In [66]:
from random import shuffle
import polars as pl
import altair as alt

### Prepare dataset


In [67]:
data = [
    (165, 60), (170, 65), (175, 75), (160, 50), (180, 80),
    (172, 68), (178, 72), (155, 48), (168, 58), (177, 70),
    (169, 64), (176, 78), (182, 85), (163, 55), (173, 69),
    (171, 66), (159, 52), (174, 74), (167, 62), (179, 78),
    (164, 57), (161, 53), (166, 59), (162, 54), (158, 50),
    (174, 77), (168, 63), (177, 73), (165, 61), (172, 70),
    (176, 76), (180, 82), (159, 49), (173, 67), (178, 74),
    (182, 88), (170, 66), (175, 79), (169, 65), (160, 54),
    (164, 56), (162, 52), (166, 60), (180, 83), (170, 68),
    (157, 45), (161, 58), (175, 75), (171, 64), (177, 72),
    (179, 81), (174, 78), (163, 59), (168, 62), (165, 66),
    (164, 61), (172, 69), (176, 76), (158, 48), (169, 64),
    (171, 70), (174, 74), (167, 65), (180, 82), (165, 63),
    (178, 79), (159, 55), (162, 57), (169, 67), (173, 71),
    (166, 60), (157, 50), (164, 62), (172, 74), (176, 77),
    (180, 81), (161, 56), (175, 72), (170, 69), (178, 78),
    (165, 64), (159, 52), (173, 70), (167, 63), (172, 67),
    (180, 86), (176, 74), (164, 58), (170, 68), (167, 66),
    (171, 65), (160, 53), (178, 82), (182, 85), (159, 51),
    (163, 55), (166, 61), (165, 59), (176, 72), (171, 73),
    # (177, 77), (173, 68), (174, 76), (170, 66), (161, 58),
    # (162, 54), (168, 60), (164, 59), (177, 80), (175, 73)
]

shuffle(data)

train_data_length = round(len(data) * 0.75)
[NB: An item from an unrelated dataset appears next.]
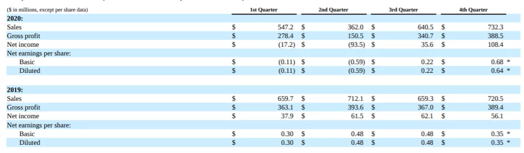 Envista 2020年季度营收数据
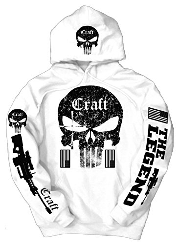 -. Binding : Apparel -. Brand : Craft -. Department : mens -. Feature : Pill-resistant & softer air-jet spun yarn / Most of the time, items arrive in 2-3 business days through lightning FAST PRIORITY shipping! / Correct sizing chart is in the 2nd picture on left of the page, NOT the one next to size selection. **SIZES TEND TO RUN SMALL. ORDERING A SIZE UP OF WHAT YOU ARE USED TO IS RECOMMENDED!** / Double-needle stitching throughout & Front pouch pocket / Perfect gift for friends & loved ones, to offer just on time for birthdays, holidays, or any occasions -. ProductGroup : Apparel -. ProductTypeName : SWEATER -. Title : American Sniper Craft Marvel Punisher Logo Hoodie

train_data = data[:train_data_length]
test_data = data[train_data_length:]

train_df = pl.DataFrame(
    data=train_data,
    schema=['height', 'weight'],
    orient='row'
)

test_df = pl.DataFrame(
    data=test_data,
    schema=['height', 'weight'],
    orient='row'
)

display(train_df)
display(test_df)

height,weight
i64,i64
170,69
162,54
177,73
163,55
178,72
…,…
160,53
171,65
170,65
169,65


height,weight
i64,i64
178,74
176,74
172,67
182,85
170,66
…,…
173,71
175,75
171,70
176,72


### Calculate weight prediction


In [68]:
height_mean = train_df['height'].mean()
weight_mean = train_df['weight'].mean()

numerator = ((train_df['height'] - height_mean) *
             (train_df['weight'] - weight_mean)).sum()
denominator = ((train_df['height'] - height_mean) ** 2).sum()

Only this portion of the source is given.